**Problem statement**
Copy the records below line by line and word for word, from the very first line through the line with "Sada 2 porcelánových", omitting each picture.

+ + + +

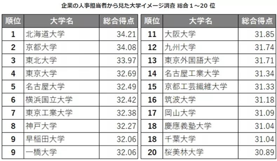 這是日經(jīng)HR發(fā)布的「企業(yè)人事負責人眼中的大學形象調查」結果,調查實施的時間為2021年2月15日~3月22日,調查對象為4850所公司,最終有834所公司參與回答,然后根據(jù)回答選出了前20名。
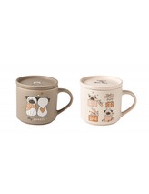 Sada 2 porcelánových šálků s víkem/podšálkem s motivem psů 350ml BRANDANI
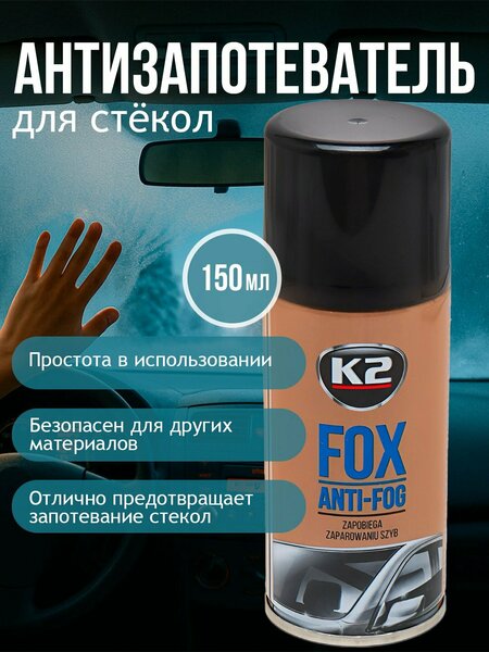 Антизапотеватель K2 FOX-отличное средство для защиты стекол и зеркала заднего вида от запотевания. Уменьшает сбор влаги и устраняет ограничение поля зрения водителя, повышая безопасность вождения. K2 FOX очень прост в использовании. Просто нанесите его на микрофибру или мягкую ткань, затем нанесите на стекло и протрите после высыхания. Антизапотеватель для стекол K2 FOX выпускается в виде аэрозоля, что позволяет эффективно использовать и предотвращать запотевание стекол в автомобиле до нескольких недель. Средство от запотевания стекла создает защитный слой, который предотвращает попадание влаги на стекло и оставляет его прозрачным. Благодаря K2 FOX чрезмерное испарение стекол в машине, уйдет в небытие. Вы избежите постоянного кропотливого протирания запотевших стекол, а само вождение автомобиля будет более безопасным и комфортным для вас и ваших пассажиров. Чтобы избавиться от лишней влаги в автомобиле, стоит также оснастить себя поглотителем влаги CARDOS, что также повлияет на комфорт путешествия и продлит действие Антизапотевателя. Особенности продукта: простота в использовании; безопасен для других материалов; эффективный; отлично предотвращает запотевание стекол. Инструкция для применения: Очистите стекло с помощью очистителя для стёкол K2 NUTA и микрофибры K2 OPTIНа чистое и сухое стекло с растояния 20-30см нанесите K2 FOX, стараясь максимально покрыть поверхность стеклаНе дожидаясь высыхания, располируйте круговыми движениями, используя микрофибру или мягкую хлопчатобумажную тканьзапрещается использование искусственных замш, типа дельфин для нанесения и располировки состава Срок годности указан на упаковке.
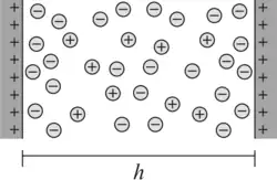 The concentration difference can be eliminated with the Poisson equation and the resulting equation can be integrated from infinite separation of the plates to the actual separation h by realizing that
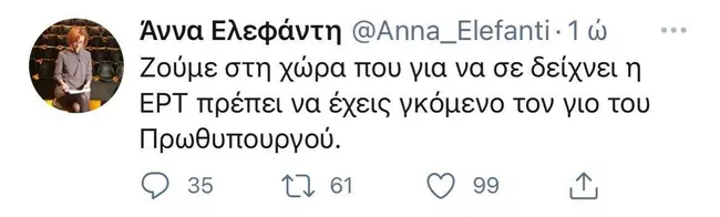 Είχε προηγηθεί η ανάρτηση της Αννας Ελεφαντή στο twitter η οποία αναφέρει: «Ζούμε στη χώρα που για να σε δείχνει η ΕΡΤ πρέπει να έχεις γκόμενο τον γιο του Πρωθυπουργού».
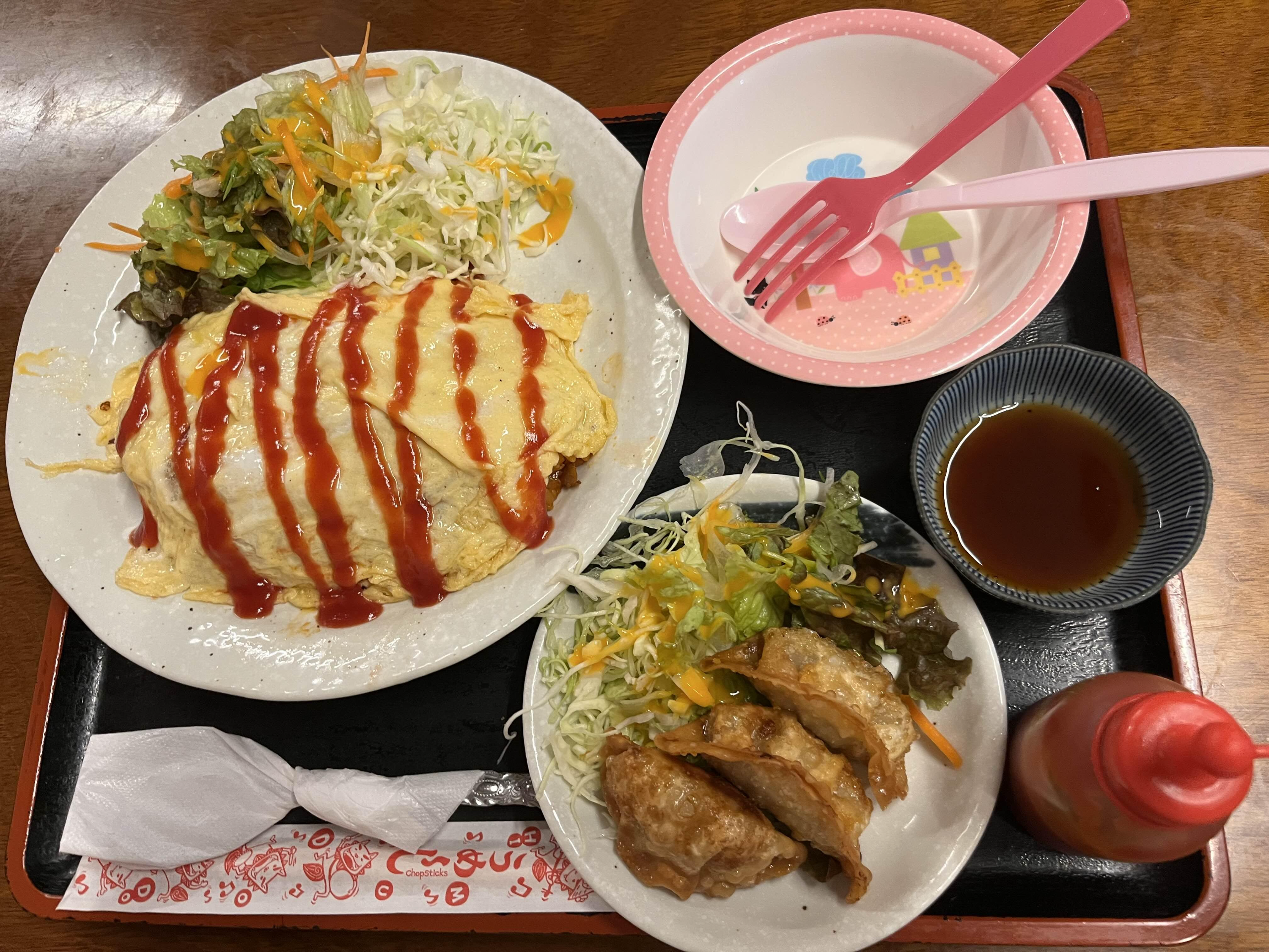 오므라이스에 튀긴 교자를 추가해서 주문했습니다.

+ + + +

**Written reply**
 這是日經(jīng)HR發(fā)布的「企業(yè)人事負責人眼中的大學形象調查」結果,調查實施的時間為2021年2月15日~3月22日,調查對象為4850所公司,最終有834所公司參與回答,然后根據(jù)回答選出了前20名。
 Sada 2 porcelánových šálků s víkem/podšálkem s motivem psů 350ml BRANDANI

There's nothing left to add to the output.